A Story of Disproportionate Siting of Hazardous Waste in Morton Grove, IL

Morton Grove is a neighborhood of 22,943 people that runs along the North Branch of the Chicago River a few miles northeast of the city. I was drawn to Morton Grove and intrigued by its story because I live in a neighboring community. The EPA has identified five factories in Morton Grove as hazardous waste treatment, storage, or disposal facilities; there is a disproportionately high amount of hazardous waste sites in this community considering its small size and the absence of hazardous waste sites from many of the surrounding neighborhoods. Why is there a disproportionate amount of facilities storing, disposing, or transferring hazardous waste in Morton Grove? I began responding to this research inquiry by looking at the infamous maps created by the Home Owner’s Loan Corporation between 1935 and 1940 which are responsible for mass racial segregation and socioeconomic stratification in America. I found a map created in 1940 with a distinct section of Morton Grove marked “definitely declining” because of its “doubtful future” and poor reputation. This distinct section is the area that is now zoned as a manufacturing and residential district and home to the five hazardous waste sites. My project examines how the legacy of housing discrimination is visible today in the disproportionate siting of hazardous waste facilities. Morton Grove has a higher minority population than surrounding neighborhoods and more people below the poverty line. My visual project represents the trajectory of environmental bads and how they come to be located in vulnerable demographic pockets of our country.

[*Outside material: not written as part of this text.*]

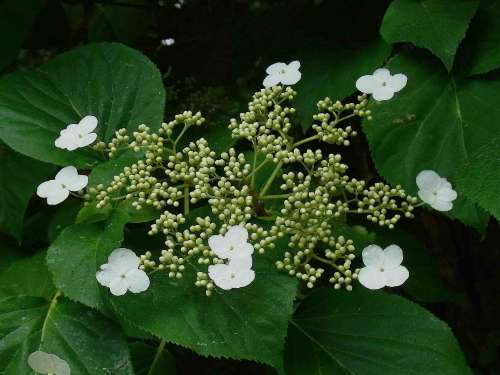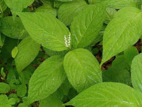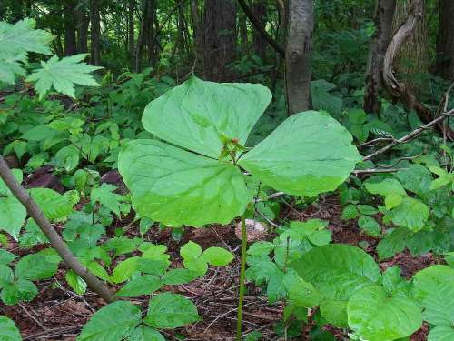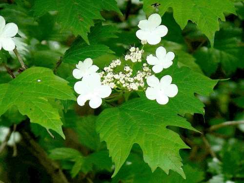 ■左:フタリシズカ(二人靜) センリョウ科センリョウ屬 北海道から九州の山野の林に生育する多年草。4~6月、2~3対の葉の中心から白い小さな花をつけた細い花穂をつける?;ǚ[は2個のことが多いが1~5個と変化がある?;ǚ[が1個のヒトリシズカに対して2個のことが多いことからついた名。 ■右:カンボク(肝木) スイカズラ科ガマズミ屬 北海道から本州中部以北の山地から深山に生育する落葉小高木。5~7月、5裂した裝飾花に囲まれたガクアジサイのような花の固まりをつける。秋に赤く熟す果実は鳥が好まないのかいつまでも殘る。似ているヤブデマリは裝飾花の1枚が小さいがカンボクはほぼ同じ。ムシカリの葉は亀の甲羅のような形をしているがカンボクは深く3裂している點が違う。名前は薬として使っていたことから『肝要な木』とついたという説がある。

I have created a series of three images to tell this story of unjust sustainability. The foundation of each chapter is the map from 1940 to remind the viewer of the powerful legacy of housing inequality. In Chapter One: Once upon a time in 1940 the area of Morton Grove that was marked “definitely declining” is visible as well as a quote that went along with the areas C grade designation. Chapter Two: Siting of Hazardous Facilities shows the locations of hazardous waste treatment, disposal, and storage facilities and when they moved into the neighborhood. This is an important visual because all the facilities are located within the yellow section of Morton Grove. Chapter Three: 80 years later in Morton Grove contrasts the extreme level of hazardous waste in Morton Grove with the surrounding communities. I include information on three specific chemicals that are being released into the community and the health hazards they pose to the community of Morton Grove.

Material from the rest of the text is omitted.